Director Kim Ehly does her best to draw out some sort of mob-versus-snob appeal, mashing up theatuh effects (such as period-perfect costumes and wry, witty pop songs bridging scenes together) with cheesy noir narration right out of Raymond Chandler. But the required melodrama to support it all just isn’t there in the writing.
Fridh and Groom (who totally nails two other roles) seem to vibrate in the same frequency as, say, a lush Douglas Sirk movie, which may have been the intent here, with the genre’s snappy dialogue, bitchy humor, hot breath, parted lips, heaving breasts and furtive gropes. When Fridh and Groom are the center of the action, the play seems to slip into sharp focus.
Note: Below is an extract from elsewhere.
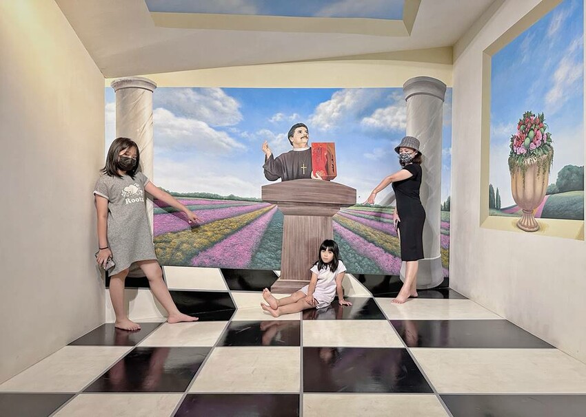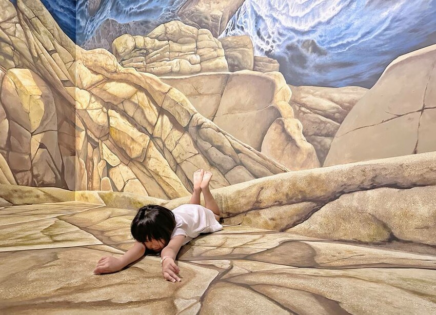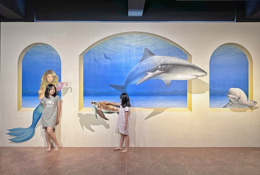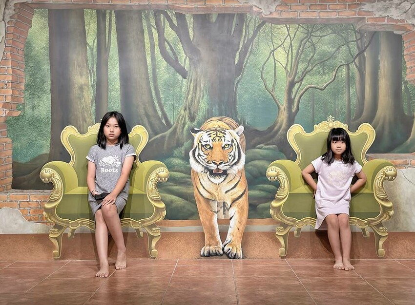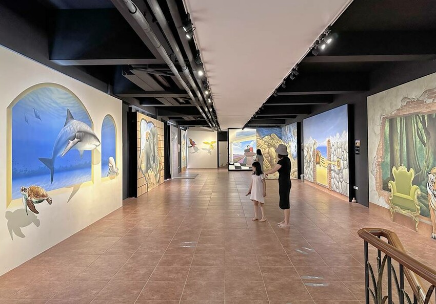 要前往上二樓的朋友們可要注意囉!不能帶任何的包包且要脫鞋才能上樓,包包物品都可以寄放在櫃台。來到二樓的彩繪空間僅週六日限定開放,在這可看到一幅幅繽紛又生動的彩繪畫作。當然要拍出生動又立體的照片,就要朋友們發揮自己的想像力或是參考每幅彩繪畫作旁的範本來拍照。真心說我們全家人在二樓的彩繪空間就花了不少時間在拍照。

When they are not, it’s harder to see not only where “Beebo Brinker” is going, but why.
John Thomason reviewed for Boca Magazine:
This play is bawdy and salacious, full of suggestive language, sexual situations, even a little nudity – all for a cause that is both winningly witty and emotionally sensitive.
As the characters love, fight, drink and reminisce across Tyler K. Smith’s spartan, utilitarian set design, Ehly directs the action with breezy pacing and cinematic ambience.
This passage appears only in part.